Even now, the Obama team sometimes suggests that the weak recovery isn’t related to the financial crisis. Some problems, like the rise in oil prices, are not in fact related. Many others, like Europe’s troubles and this country’s still-depressed consumer spending, are.
Imagine if the transition team had instead placed, say, 25 percent odds on a protracted slump. Political advisers like David Axelrod would have immediately understood the consequences. Mr. Obama’s policies would look like a failure during the midterm campaign, and the prospects of winning additional stimulus would dwindle. Which is exactly what happened.

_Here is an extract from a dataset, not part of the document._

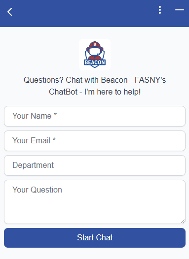 If at any point you’d prefer to speak with a human, Beacon will provide quick prompts you can click to connect with FASNY staff.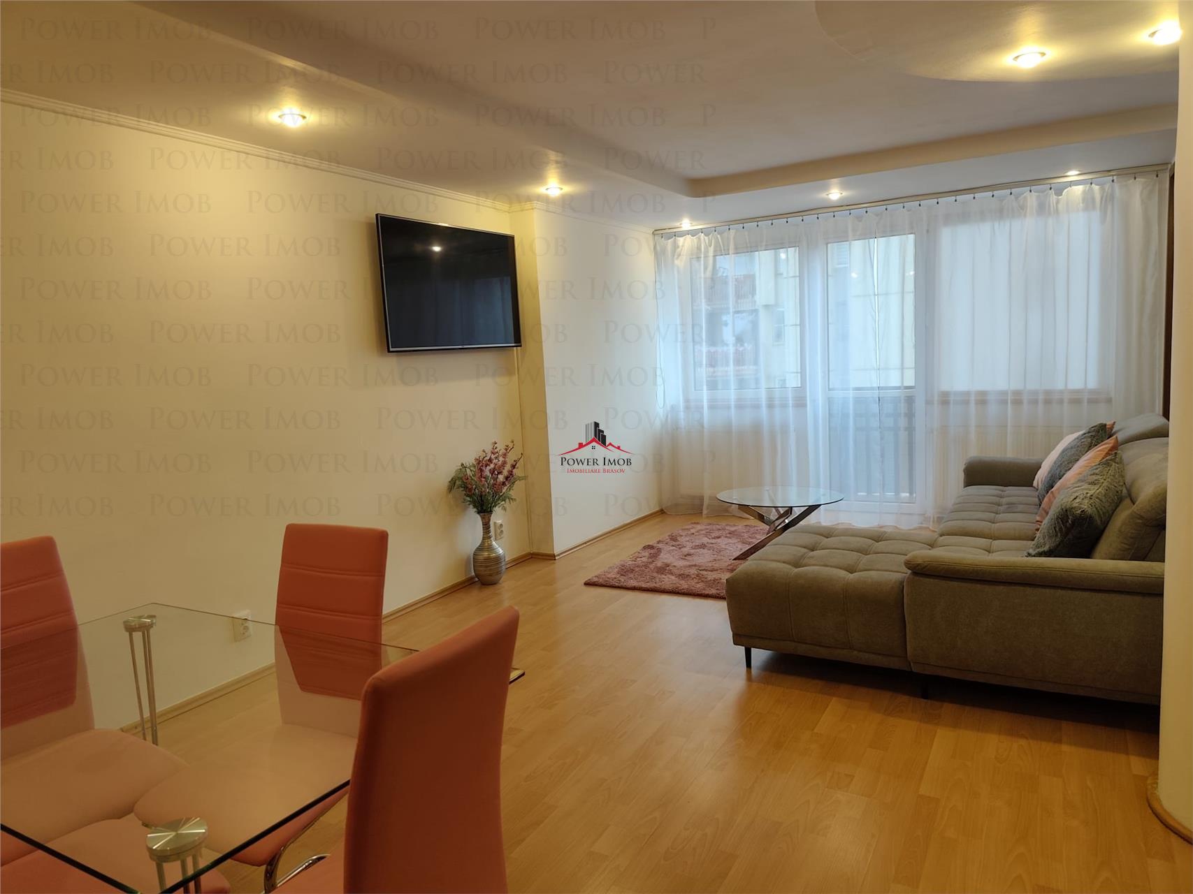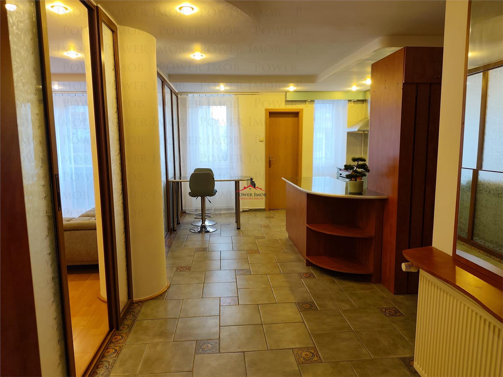 Este complet mobilat si utilat, compus din: living cu bucatarie open space, 2 dormitoare, baie, wc serviciu, hol, balcon.

Contemplating this outcome, the new administration would have had urgent reasons to take out insurance policies. For starters, Mr. Obama would indeed have told a different story about the economy. Rather than promising a “recovery summer” in 2010, he and his aides would have cautioned patience. Bill Clinton’s recent Democratic convention speech was a model.

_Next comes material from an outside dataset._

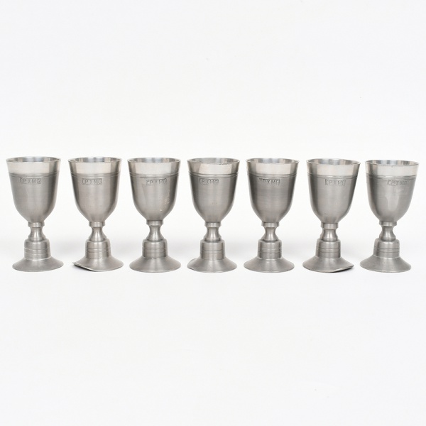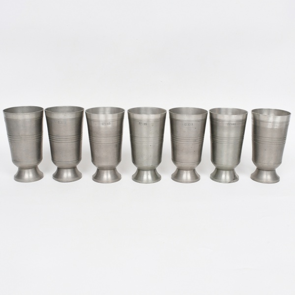 • Conjunto de cálices confeccionados em estanho, bojo cilíndrico, fuste torneado base campaniforme. Produção nacional da região de MG. Composto de sete(07) unidades. Medidas:

More concretely, the administration would have looked for every possible lever to lift the economy. Despite Republican opposition, such levers existed.
Upon taking office, Mr. Obama could have immediately nominated people to fill the Fed’s seven-member Board of Governors, rather than leaving two openings. Ben S. Bernanke, the chairman, works hard to achieve consensus on the Fed’s policy committee, and in 2010 and 2011 the committee was skewed toward officials predicting — wrongly, we now know — that inflation was a bigger threat than unemployment.

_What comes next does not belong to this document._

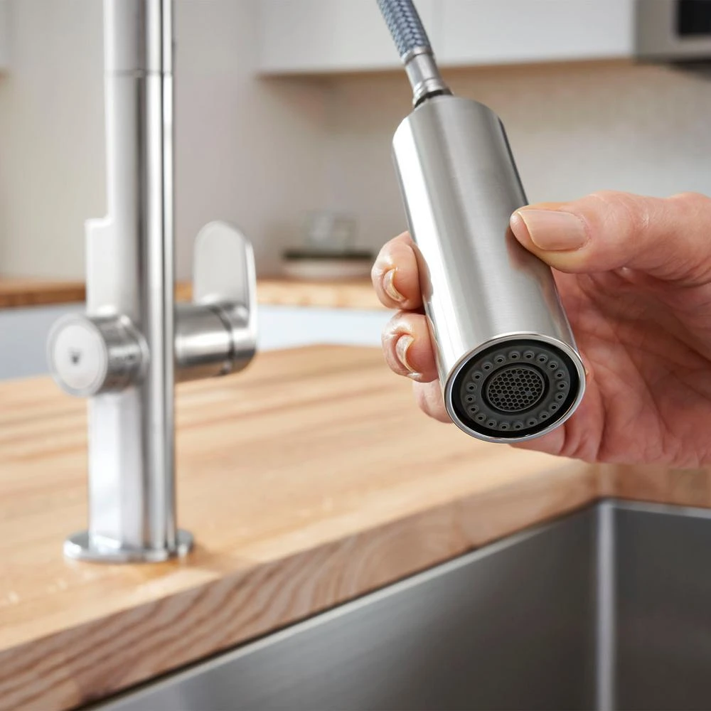 - Dual-function pull-down spray head: allows for easy switching between regular stream and powerful spray

TWO more appointees may well have shifted the debate and caused the Fed to have beenless cautious. After the vacancies were finally filled this year, the Fed took further action.
The administration also could have added provisions to the stimulus bill that depended on the economy’s condition. So long as job growth remained below a certain benchmark, federal aid to states and unemployment benefits could have continued flowing. Crucially, these provisions would not have added much to the bill’s price tag. Because the Congressional Budget Office’s forecast was also too optimistic, the official budget scoring would have assumed that the provisions would have been unlikely to take effect. They would have been insurance.
Perhaps most important, the administration might have taken a different path on housing. With the auto industry and Wall Street, Mr. Obama accepted the political costs that come with bailouts. He rescued arguably undeserving people in exchange for helping the larger economy. With housing, he went the other way, even leaving some available rescue money unspent — at least until last year, when the policy became more aggressive and began to have a bigger effect.
No one of these steps, or several other plausible ones, would have fixed the economy. But just as the rescue programs of early 2009 made a big difference, a more aggressive program stretching beyond 2009 almost certainly would have made a bigger difference. It would have had the potential to smooth out the stop-and-start nature of the recovery, which has sapped consumer and business confidence and become a problem in its own right.
By any measure, Mr. Obama and his team faced a tremendously difficult task. They inherited the worst economy in 70 years, as well as an opposition party that was dedicated to limiting the administration to one term and that fought attempts at additional action in 2010 and 2011. And the administration can rightly claim to have performed better than many other governments around the world.
But their claim on having done as well as could reasonably have been expected — to have avoided major mistakes — is hard to accept. They considered the possibility of a long, slow recovery and rejected it.
In the early months of the crisis, Mr. Obama and his aides made clear that they would try to learn from the errors of the Great Depression and do better. They achieved that goal. They also left a whole lot of lessons for the people who will have to battle the next financial crisis.